In 2014, Aldatu received additional financial support in the form of the $40,000 Bertarelli Foundation Grand Prize in the Harvard Deans’ Health and Life Sciences Challenge. The team also won a $1.5 million small-business grant from the National Institute of Allergy and Infectious Diseases, which let them begin full-time operation in 2015. The two moved to Kendall Square’s LabCentral in 2016, then returned to Allston to become an early tenant in Harvard’s Life Lab. In January 2019, the company moved into its own facility in Watertown.

“I’ve said for a few years now, Aldatu is a true i-lab story,” Raiser said. “We built very strong and meaningful and valuable relationships out of our time at the i-lab and the Life Lab.”

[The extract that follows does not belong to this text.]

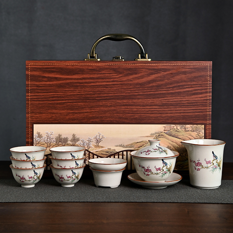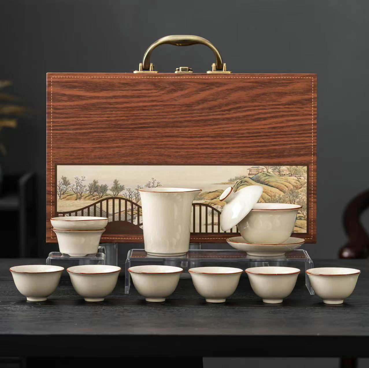 复古十件套草木灰功夫茶具套装高档陶瓷整套套组礼盒年会商务礼品
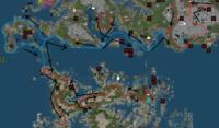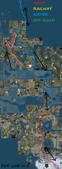 H6 - The Great Wall This pod follows a complex route, including roads, off-road sectors, waterways and of course railways. It is launched in Calleta, like all pods for Heterocera. It flies to the road bus station. After a small break, it moves North along road 1. then, it exits road and enters Heterocera Inner Waters, South to the great bridge. It goes accross the entire delta, on a route close to that used by the VRC ferry. Reaching Baga docks, the pod does not stop. It continues along the coast, to North, reaching in the end Vicina rail terminal. At Vicina, it exits water and becomes a train. From there, it follows the railway (Maritime Line), to Crumbi Junction. It goes a bit South, to Zale, then it returns to Crumbi. From here, the pod moves West, along the main line, to Crenulate and then, along the mountain line, to Paranthrene, close to Pavonia. From here, it turns south, to Pawpaw, then to the Bembecia - Hooktip railway maze, largest rail yard on the grid.

Aldatu was established as a public benefit corporation — which puts public benefit on a par with profits in the corporate mission — with the aim of providing easy-to-use, low-cost diagnostics for resource-poor areas.

They distributed tests for HIV in Botswana and developed a diagnostic for Lassa fever, another viral disease. In early March, as the lack of COVID-19 testing became acute, Rowley contacted MacLeod and asked whether PANDAA could be used for the disease. They developed the diagnostic in a matter of days and, by the time regulatory guidelines changed on March 16 to let private labs begin testing, they had already begun working with BIDMC to validate the test using blinded patient samples provided by the state.

“We had already, over the last six years, developed experience with assay development and applying that test development to infectious disease and working with viruses in outbreak concern areas,” Raiser said. “We were well-positioned to move quickly on the COVID-19 pandemic.”

A week later, Aldatu was not just providing kits to BIDMC, its officers were in conversation with other hospitals about doing the same and preparing to provide COVID-19 testing to partners in sub-Saharan Africa with whom they had been working.

“We’re trying to cast a wide net and fill gaps in testing access and capacity quickly wherever we can do so,” Raiser said.